[Stored data]
◆ ◆ ◆ ◆ ◆
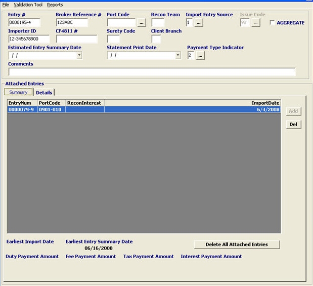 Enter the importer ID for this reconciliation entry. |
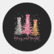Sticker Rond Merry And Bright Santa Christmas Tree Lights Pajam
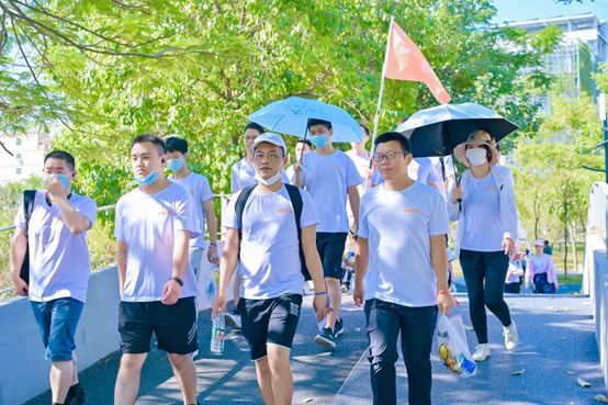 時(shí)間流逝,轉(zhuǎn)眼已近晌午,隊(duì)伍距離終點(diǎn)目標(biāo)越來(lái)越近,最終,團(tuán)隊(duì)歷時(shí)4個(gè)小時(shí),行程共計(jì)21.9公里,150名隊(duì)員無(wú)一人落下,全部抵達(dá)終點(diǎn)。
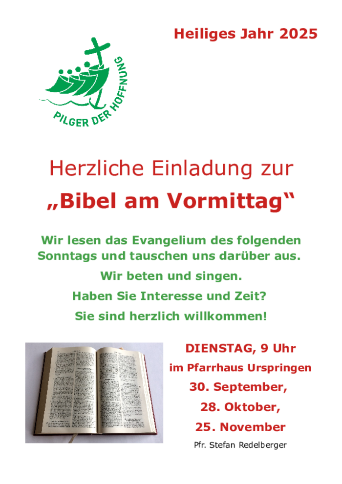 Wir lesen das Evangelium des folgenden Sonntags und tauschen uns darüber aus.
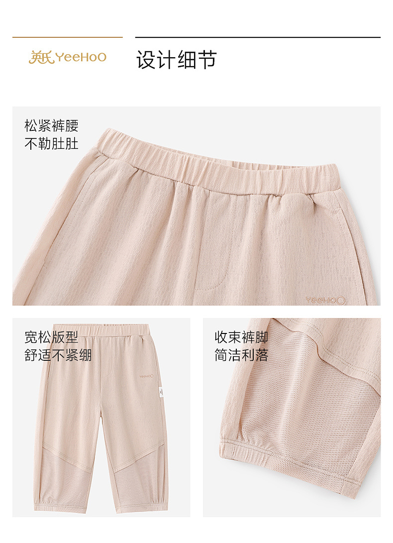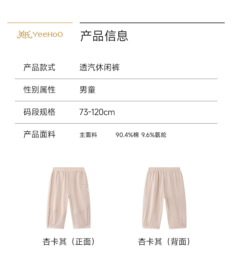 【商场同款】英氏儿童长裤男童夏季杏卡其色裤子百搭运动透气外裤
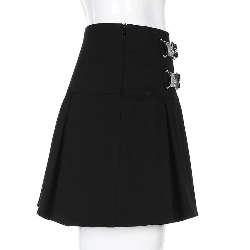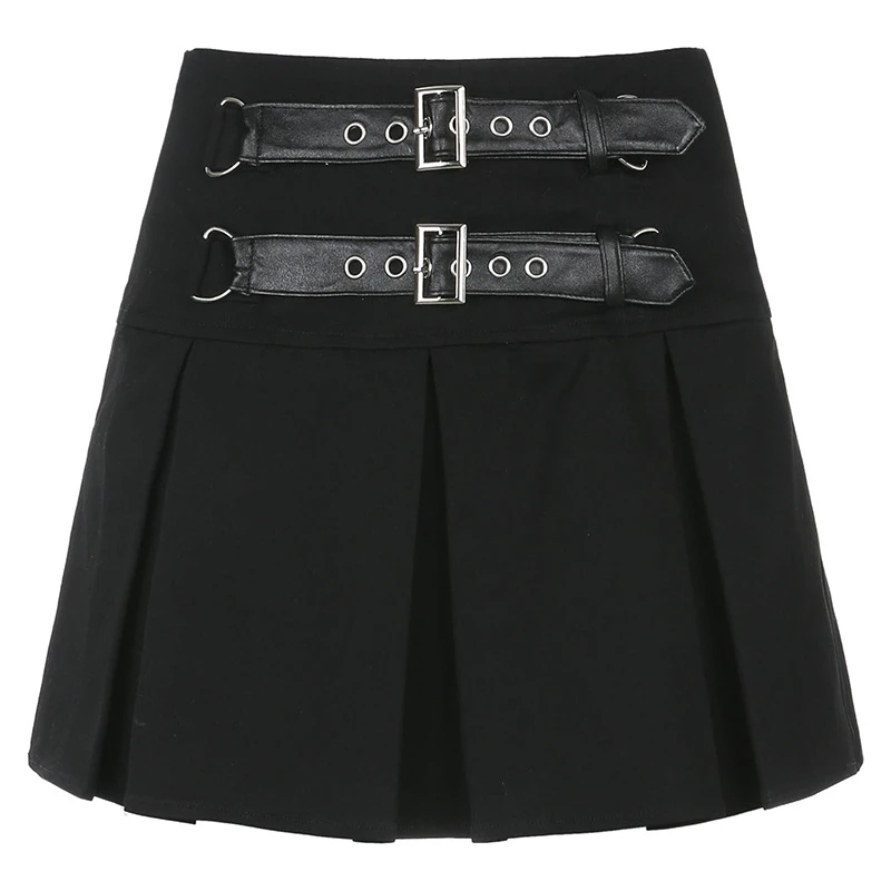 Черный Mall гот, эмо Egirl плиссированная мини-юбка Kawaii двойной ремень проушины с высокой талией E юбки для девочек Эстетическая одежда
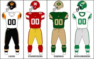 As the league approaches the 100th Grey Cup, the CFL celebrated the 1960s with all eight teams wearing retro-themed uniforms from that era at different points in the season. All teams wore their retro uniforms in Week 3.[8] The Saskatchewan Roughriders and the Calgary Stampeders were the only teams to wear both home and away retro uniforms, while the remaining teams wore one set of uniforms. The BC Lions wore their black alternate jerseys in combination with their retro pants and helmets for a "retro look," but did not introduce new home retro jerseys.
◆ ◆ ◆ ◆ ◆
Would you give the records again exactly, dropping the pictures?

 Enter the importer ID for this reconciliation entry. |
Sticker Rond Merry And Bright Santa Christmas Tree Lights Pajam
 時(shí)間流逝,轉(zhuǎn)眼已近晌午,隊(duì)伍距離終點(diǎn)目標(biāo)越來(lái)越近,最終,團(tuán)隊(duì)歷時(shí)4個(gè)小時(shí),行程共計(jì)21.9公里,150名隊(duì)員無(wú)一人落下,全部抵達(dá)終點(diǎn)。
 Wir lesen das Evangelium des folgenden Sonntags und tauschen uns darüber aus.
 【商场同款】英氏儿童长裤男童夏季杏卡其色裤子百搭运动透气外裤
 Черный Mall гот, эмо Egirl плиссированная мини-юбка Kawaii двойной ремень проушины с высокой талией E юбки для девочек Эстетическая одежда
 As the league approaches the 100th Grey Cup, the CFL celebrated the 1960s with all eight teams wearing retro-themed uniforms from that era at different points in the season. All teams wore their retro uniforms in Week 3.[8] The Saskatchewan Roughriders and the Calgary Stampeders were the only teams to wear both home and away retro uniforms, while the remaining teams wore one set of uniforms. The BC Lions wore their black alternate jerseys in combination with their retro pants and helmets for a "retro look," but did not introduce new home retro jerseys.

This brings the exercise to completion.